In the worst examples, four sponsors have gone “significantly” – more than five years – past their original planned trial completion dates, according to findings in “Delays in Confirmatory Trials for Drug Applications Granted FDA’s Accelerated Approval Raise Concerns,” the OIG data snapshot published Sept. 29.
Leadrship and staff from FDA’s Center for Drug Evaluation and Research (CDER) appreciate the report and will evaluate the findings to ensure the integrity of the accelerated approval program, said a statement a communications representative there.
“Confirmatory studies must be done in a timely manner,” the CDER statement said.

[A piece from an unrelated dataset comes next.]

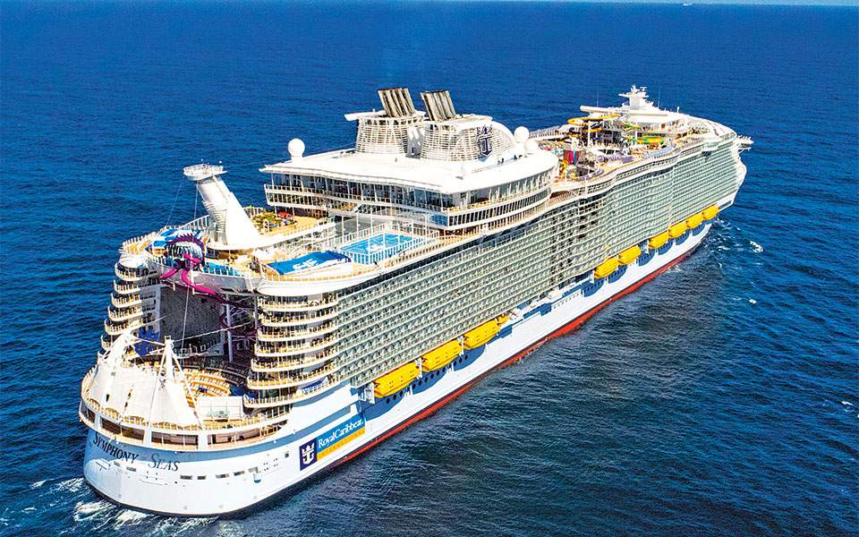 Το µήκους 362 µέτρων «Symphony of the Seas» της Royal Caribbean Cruises είναι χωρισµένο σε «γειτονιές» διαφορετικού στυλ η καθεµία και διαθέτει 16 καταστρώµατα, 2.774 καµπίνες, 22 εστιατόρια, 24 πισίνες και µια πληθώρα από άλλες ασυνήθιστες παροχές και ανέσεις.

FDA works with drug sponsors, and will work with Congress, to ensure timely initiation and completion of confirmatory studies. The program also has allowed patients quicker access to drugs that treat cancer, AIDS, and other conditions, the CDER statement said.

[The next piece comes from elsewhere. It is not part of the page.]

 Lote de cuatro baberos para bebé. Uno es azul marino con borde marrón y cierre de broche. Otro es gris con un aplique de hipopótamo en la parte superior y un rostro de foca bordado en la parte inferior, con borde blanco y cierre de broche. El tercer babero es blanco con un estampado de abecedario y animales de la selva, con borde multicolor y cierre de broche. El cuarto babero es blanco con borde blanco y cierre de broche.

“Patients who currently lack adequate treatment options for serious or life-threatening diseases have told us over and over again that they are willing to accept some uncertainty regarding clinical benefit when a new treatment is developed,” the CDER statement said. “In the majority of accelerated approvals, clinical benefit has been verified through the required confirmatory studies.”
In 1992, FDA began its accelerated approval process for drugs to treat serious or life-threatening diseases, before confirmatory trials of the drugs were finished. Drug makers do not need to show clinical benefits before approvals, but that clinical benefits are reasonably likely. Once approved, the drug sponsors typically conduct trials on a timeline they agree to with FDA, the OIG data snapshot said.

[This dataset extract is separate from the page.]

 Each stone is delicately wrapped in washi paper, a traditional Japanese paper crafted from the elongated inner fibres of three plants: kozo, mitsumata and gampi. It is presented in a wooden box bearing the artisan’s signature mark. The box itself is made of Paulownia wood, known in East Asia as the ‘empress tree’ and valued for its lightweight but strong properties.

The process gained public attention in 2021, when FDA permitted aducanumab (Aduhelm) for treating Alzheimer’s disease. It was the first drug authorized for Alzheimer’s since 2003 and was the first to target fundamental pathophysiology of the disease, according to FDA.
But the approval process, the drug’s effects on the disease, potential side effects on patients, and its price all sparked debate, prompting OIG to examine FDA’s publicly available list of accelerated drug approval applications.
Since the FDA’s accelerated pathway began in 1992, there were 278 accelerated approvals through Dec. 31, 2021, and 104 of them have incomplete confirmatory trials, according to OIG.
As of May 5, 2022, under the 104 incomplete applications, 35 had at least one trial past the original planned completion date. They averaged about 20 months past the completion dates.
The four worst were:
For comparison, the 139 accelerated approvals with completed trials took an average of 48 months from granting accelerated approvals to completion.
OIG noted sponsors may submit multiple applications for the same drug for different indications or routes of administration. FDA can require multiple confirmatory trials for an application, so the 35 applications with trials past the original planned completion dates represented 18 drugs – and they aren’t cheap.
From 2018 to 2021, OIG estimated Medicare and Medicaid spent $18 billion for “drugs that have yet to verify a clinical benefit.” The report noted those are conservative estimates, not exact amounts.
The spending included $142 million from Medicare Part D for midodrine hydrochloride (Protamine), and nearly $700 million from Medicaid for hydroxyprogesterone caproate (Makena), which has a hearing scheduled this month. FDA staff cited the latter drug as an example of the lengthy process used to approve a drug, then withdraw its approval, the OIG report said.